Like its title, this is a story full of determination and fighting spirit, set in gritty and meagre surroundings, which unsurprisingly, bolster our empathy for its colourful array of characters. Considering The Fighter has got a few Oscar nods and a Golden Globe for Christian Bale and Melissa Leo, alarm bells start ringing of yet another The Blind Side triumph in the making, following along the same lines of an underprivileged male come good and setting the world alight in sport. The fact that like the previous hit, director David O. Russell’s film is also based on a true story further cements its appeal and any awards it might attract.
The Fighter follows the bumpy rise to fame of Massachusetts boxer “Irish” Micky Ward and the influence of his mentor and nemesis half-brother, Dicky, who helped train him before going pro in the mid 1980s. It is solidly and weightily told, with Massachusetts native Mark Wahlberg in the lead playing Micky. Boston-born Wahlberg who is also the producer and worked on getting the story on the big screen for years may well be the best person to understand and hence play the boxer, considering he already has all the right traits and credentials and comes from a similar background, so is more than apt at fleshing out his character in this engaging character piece. Some might say it’s ‘a walk in the park’ for Wahlberg, and yet another ‘non-taxing’ role like others we’re used to seeing him in, such as that of Bobby Mercer in Four Brothers. The irony is, like his laid-back character Micky, Wahlberg brings nothing particularly new to the table, therefore, is instantly overshadowed by Bale in the commanding role of ‘The pride of Lowell’, Dicky Eklund.

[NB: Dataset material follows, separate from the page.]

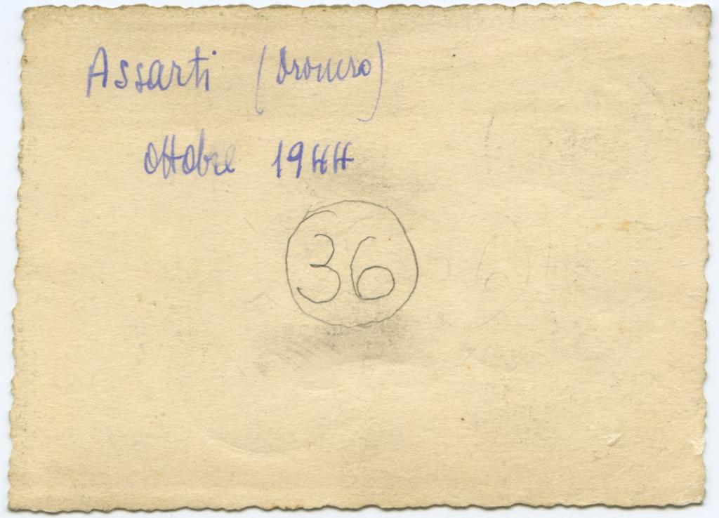 | iscrizioni | sul verso del supporto l'indicazione manoscritta a penna "Assarti (Dronero) ottobre 1944" |

If you were unaware that the usually straight-laced Bale was in the film, you could be watching and wondering just who is playing the ex-boxing star/hyperactive drug addict accompanying Micky at the beginning. Bale transforms himself, both vocally and physically, in a powerhouse performance that is both tragic and comical in equal measure. In fact, his character is the unintentional joker to Wahlberg’s rather austere presence. Coupled with a truly magnificent performance from Leo, who is equally unrecognisable as the loathsome, caustic and overbearing mother/boxing manager, Alice Ward, these two actors demonstrate why they have been nominated and won, providing the bittersweet humour and elevating The Fighter out of pure sports drama status and into a captivating study of family relationships, hence widening its appeal.
Amy Adams drops the cutesy act in this film as Micky’s headstrong girlfriend Charlene, showing warts and all, and giving as good as her character gets when she comes up against Bale and Leo’s forceful ones. As any ‘daughter-in-law’ will tell you, confronting the ‘out-laws’ is no easy feat, and there is a divine scene where Alice and daughters confront Charlene for not allowing them access to Micky, who they see as their rightful meal ticket, like a bunch of indifferent dole spongers. Adams fights for her position and shows them who is boss in an against-type role that rather suits her. She is just one of the many supporting talents in this film that make the experience so authentic in the relationship stakes – plus it has some impressive and realistic ring-side boxing, with the real Micky in a cameo.
This is a film about overcoming adversity, but not necessarily in terms of the sporting challenge, which is really a uniting/destructive subtext. It’s that’s also designed to make you bristle along the way as none of the flawed characters at all likeable to start with, conflicting with each other in the most annoying manner. But none are so awful that you don’t understand their point of view and predicament. It’s for this reason that, although a predictable rags-to-riches tale, The Fighter is an admirable piece of work because we grow to respect each character’s perceptions and forgive their faults, allowing them to win us over in a jubilant finale – a far cry from the schmaltzy The Blind Side.